Laparoscopic or laparoscopy-assisted resection of primary GISTs continues to evolve and may be considered if standard oncologic principles can be maintained (Fig. 33-7). Two early studies confirmed both the safety and feasibility of a laparoscopic approach.105,106 A recent meta-analysis by Koh et al. supports laparoscopic resection as a safe and feasible approach with no differences in margin positivity, recurrence-free survival (RFS) or overall survival (OS) when compared to open resections. Additionally, laparoscopic resections frequently had shortened stays in hospital and lower intraoperative blood loss.107 However, decisions for technical operative approach must balance perioperative factors with oncologic safety. Evaluation of patient comorbidity, anatomic tumor location, surgeon expertise, and ability to convert to an open approach should be included in preoperative decision-making. When laparoscopic and laparoscopy-assisted approaches are undertaken, modified lithotomy or split-leg positioning should be considered for heightened visualization and organ manipulation.
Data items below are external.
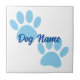 Baby Blue Puppy Paw Prints Editable Name Ceramic Tile
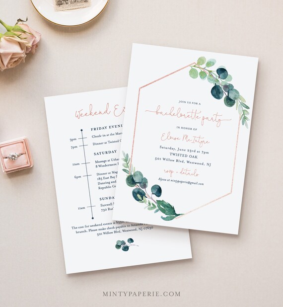Greenery Bachelorette Invitation Itinerary Timeline Etsy
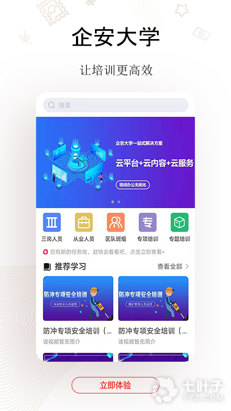 2、致力于为各家企业提供优质的员工培训服务课程,让企业拥有更多的高端人才。软件只要面向培训重工生产企业和轻工企业的员工进行安全生产培训,通过线上和线下相结合的学习方式来提高员工的专业水平,学习更多的职业技能,为企业带来更好的工作效益
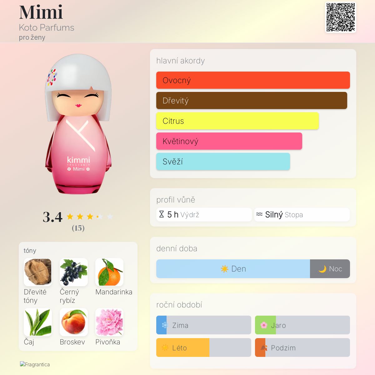 Mimi podle Koto Parfums je Floral Fruity vůně pro ženy. Mimi byl/a uveden/a v roce 2011. "Nosem" za touto vůní je Corinne Cachen. Vrchní tóny jsou Černý rybíz, Mandarinka a Citron amalfi; střední tóny jsouČaj, Broskev, Pivoňka a Fialka ; základní tóny jsou Dřevité tóny, Vanilka a Pižmo.
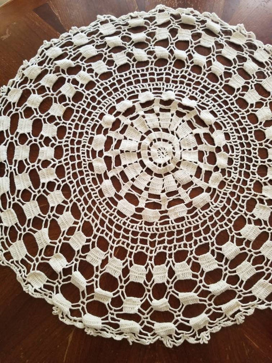 SALE Vintage tablecloth, crochet, handmade, white, spiderweb, circle, medallion, table topper, small, round, granny chic, shabby chic, Victorian
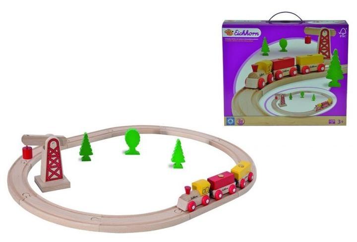 Drewniana kolejka z elementami torów, wagonów, z figurkami i akcesoriami, FSC® 100%, drewno bukowe.
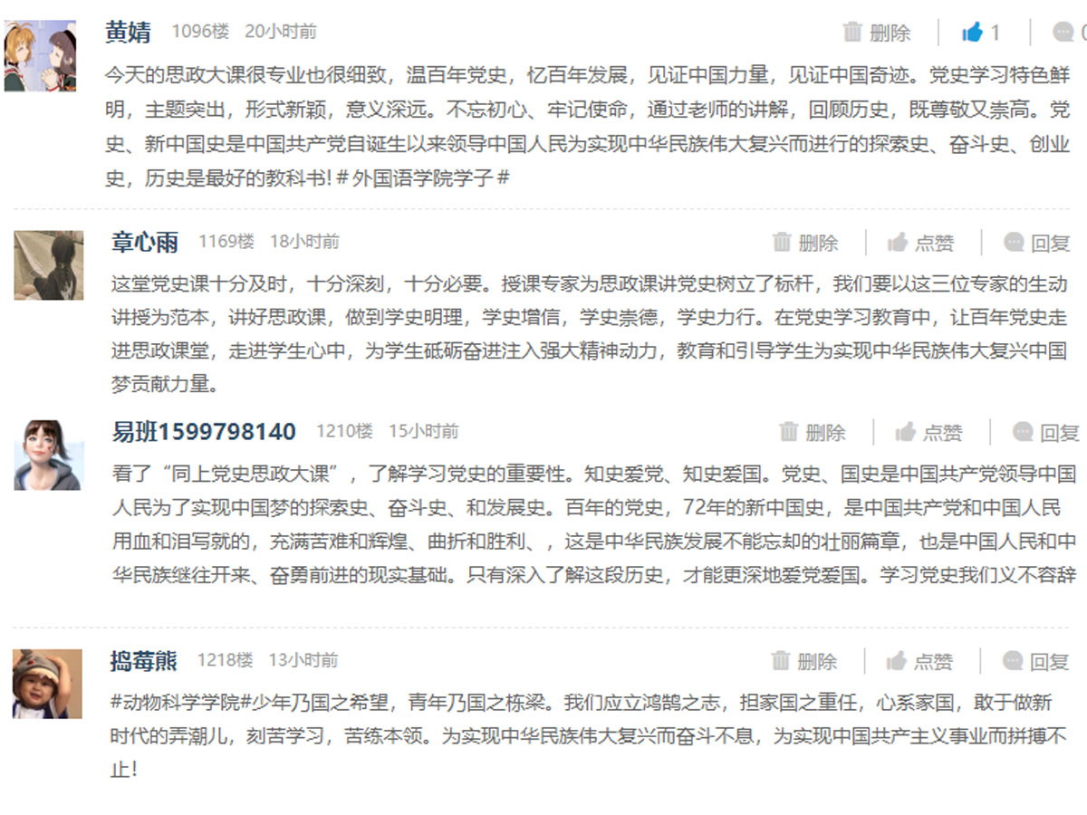 学校通过官网、安科学工微信公众号、安科易班多平台广泛宣传动员,在“安科易班”学习讨论留言板上,师生们反响强烈,踊跃发言,纷纷表达了自己的感想。生命与健康科学学院辅导员邓艳萍表示,通过“同上新中国史思政大课”,更加深刻了解中国共产党为实现中华民族伟大复兴的历史使命。作为一名思政工作者,要紧紧围绕“立德树人”根本任务,寻找“四史”育人的着力点,立足新时代新青年的新特点,让“四史”学习在青年大学生当中“潮”起来,扎根于脑,深铸于心,逐渐转化为大学生投身于伟大共产主义事业的内驱动力,让党的理想信念代代相传。化学与材料工程学院辅导员李潮升表示,此次“思政大课”内容有思想、有文采、有激情,对于我们更好地引领大学生正确认识世界与中国、历史与现实、危机与优势,有着非常重要的现实意义。上好一堂课一定要用学生身边发生的事情去上课,才能更好的感染学生,引起学生共鸣;更要提高理论高度,将鲜活的事例升华以后,才能更好的教育学生。外国语学院学生黄婧表示,今天的思政大课很专业很细致,见证中国力量,见证中国奇迹。通过老师的讲解,回顾历史,既尊敬又崇高。党史、新中国史是中国共产党自诞生以来领导中国人民为实现中华民族伟大复兴而进行的探索史、奋斗史、创业史,历史是最好的教科书。动物科学学院学生顾成霞表示,少年乃国之希望,青年乃国之栋梁。我们应立鸿鹄之志,担家国之重任,心系家国,敢于做新时代的弄潮儿,刻苦学习,苦练本领。为实现中华民族伟大复兴而奋斗不息,为实现中国共产主义事业而拼搏不止!(特约通讯员:石志成 审核:何永勇 编辑:张威 )

In addition, an angled camera and roticulating laparoscopic stapler may assist in the safe resection and extraction of the tumor.
The goal of surgery for GIST is to perform a margin-negative resection. However, unlike for visceral adenocarcinomas or sarcomas at other sites, wide margins are unnecessary. Wide margins beyond a R0 resection have not been definitively linked with improvements in survival or recurrence, particularly in the era of effective medical therapy. There are also no data indicating that patients with an R1 (microscopically involved) resection require re-excision.41 Margins may retract after resection and chemical fixation, and the pathologist may resect a staple line ex vivo, thereby converting a microscopically negative margin into a positive one. As such, all cases of positive microscopic margins should be reviewed by a multidisciplinary team to assess the need for re-excision with careful consideration of anatomic feasibility, biologic risk profile, and patient comorbidity.